Recorded information
"""

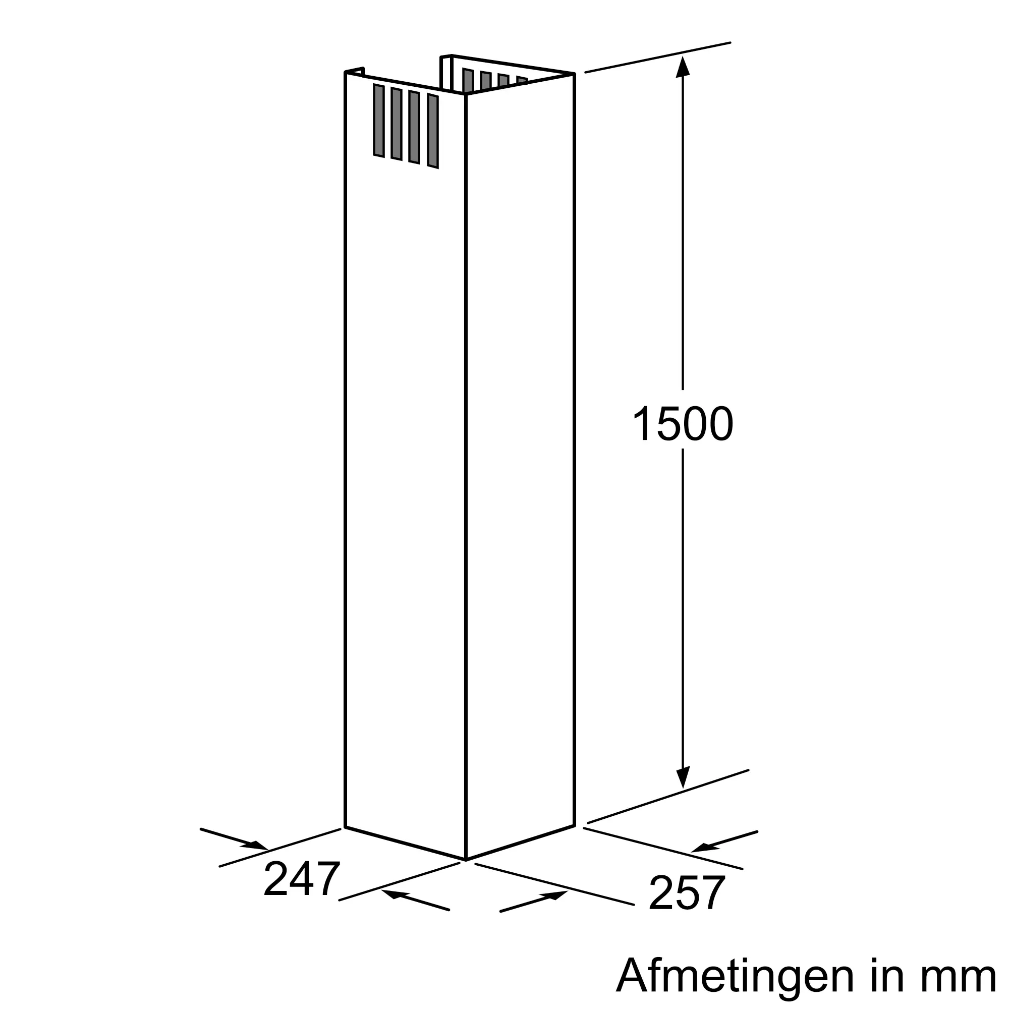 Schachtverlenging 1500 mm voor wandschouwkap
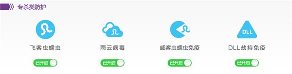 3)内置专杀工具,针对一些特殊性、破坏力强的病毒,提供更好的防护及解决方案,为解决顽固性病毒提供有力保障;
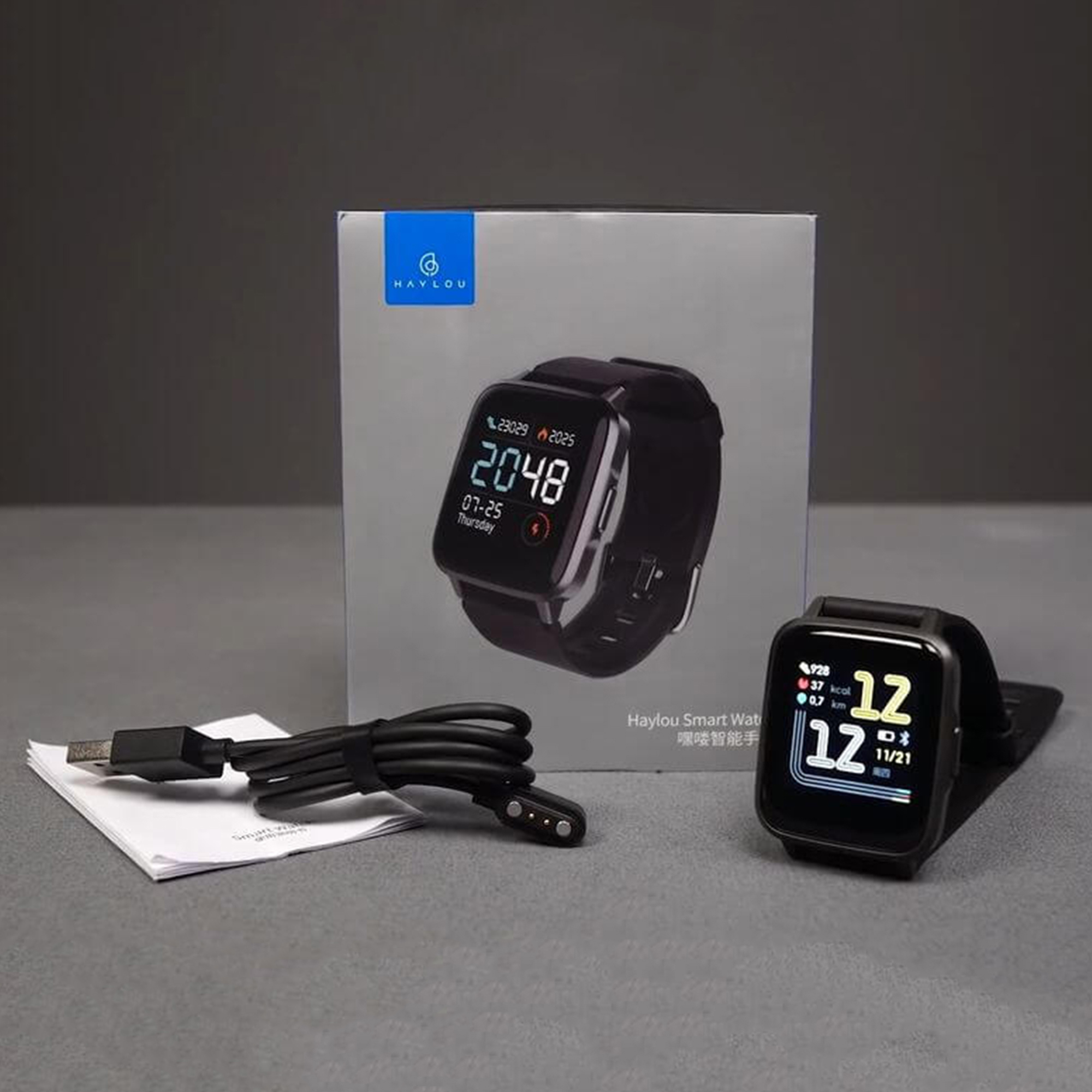 | اقلام درون جعبه | ساعت هوشمند - استند شارژ - بند سیلیکونی - دفترچه راهنما |

"""

Your objective
All of the material above should be set down again exactly, though not its pictures.

Result
 Schachtverlenging 1500 mm voor wandschouwkap
 3)内置专杀工具,针对一些特殊性、破坏力强的病毒,提供更好的防护及解决方案,为解决顽固性病毒提供有力保障;
 | اقلام درون جعبه | ساعت هوشمند - استند شارژ - بند سیلیکونی - دفترچه راهنما |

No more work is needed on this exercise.